A number of women have said that beauty can be a liability, and a Psychology Today article says that ”very attractive kids may grow up to be insecure adults, especially if they were praised solely for their appearance.
“They may develop a particularly harsh way of assessing themselves – what Heather Patrick, a researcher at Baylor College of Medicine, calls ‘contingent self-esteem.’
“They may feel good about their looks only if they meet a specific, and usually very high, expectation, such as weighing in at a certain number.
“Self-satisfaction is not on a spectrum for such people: If they don’t meet their standard, they feel absolutely ugly.”
The article concludes that in real life, “our physical appearance is always evaluated alongside our body language, voice and temperament.
“Charm can trump beauty. In one study [on likeability], attractiveness was the least important factor.”
The Beguiling Truth About Beauty, by Carlin Flora.
Actor Evangeline Lilly has talked about this kind of self-satisfaction or self-esteem challenge:
“I spent many nights crying myself to sleep wishing I was ugly because of the way men leered and disrespected me, because they assumed things about my mental capacity or my physical willingness based on the way I look.”
She avoided working in entertainment a long time, but started doing commercials to pay her university tuition.

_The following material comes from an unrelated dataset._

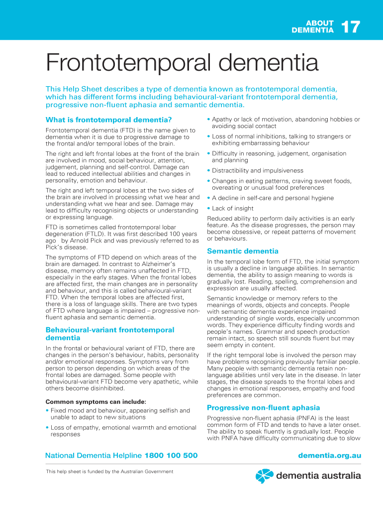 Get the free This Help Sheet describes a type of dementia known as frontotemporal dementia,

When a friend told her she was afraid of facing her own success, she “bawled her eyes out on the spot,” she says.
“It triggered something. Ever since high school I had done things so people wouldn’t just respect me because of the way I looked.
“I decided, to hell with it. I’m going to pursue mediocrity, and I’m going to be so happy.” Six weeks after her first audition, she was in Hawaii filming “Lost.” [Elle magazine elle.com]

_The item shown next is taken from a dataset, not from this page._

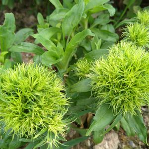 ナデシコ てまり姫💚 美女ナデシコの枝変わり種の珍しいダイアンサス。マリモのような緑色のボール状のお花です🟢🟢 去年冬越ししたのが、やっと咲きました🤩

She is also author of children’s book The Squickerwonkers.
[Photo from her Facebook page.]
Cybill Shepherd has said of her appearance that it is “a kind of mask that I sit behind and watch people react to. Beauty opens or closes doors, brings out love, falsity, and cruelty.”
One of her directors, Peter Bogdanovich said “People disliked her for being successful and beautiful and not apologizing for it. She was sexy and striking and smart, and it was a little bit too much for people. A lot of men were threatened.” (Source unknown.)
Raquel Welch has said she was more intimidated by her image than anyone else:
“I mean, there’s a tremendous loss of self, because you really are in a job where this image has been created…
“I like beautiful people, I like beautiful things, I like beautiful poems… but things aren’t beautiful without substance.
“It’s like a plastic flower; it looks so attractive and you want to take in the fragrance, but then you go to inhale and you suddenly realize there’s nothing there.
“And I felt like I was getting into that, that I was sort of in danger of having that happen to me. Because I think I soaked in too much the way that people were objectifying me, and the more that they did, the more I did.”
[From article Raquel Welch: The Goddess Factor.]
Charlize Theron once noted the mythology is “just utter nonsense – this ideology that women who are pretty don’t feel, don’t have pain, or don’t understand human conflict, because everything’s just so dandy for them.”
The pursuit of stereotypical beauty through makeup and cosmetic surgery can tend to homogenize rather than allow for individuality.
Jane Fonda was the new “face” of L’Oreal at age 68 in 2006 and said, “I’m going to try and organize other women in my profession and my friends to say no to the duck lips and getting rid of the wrinkles.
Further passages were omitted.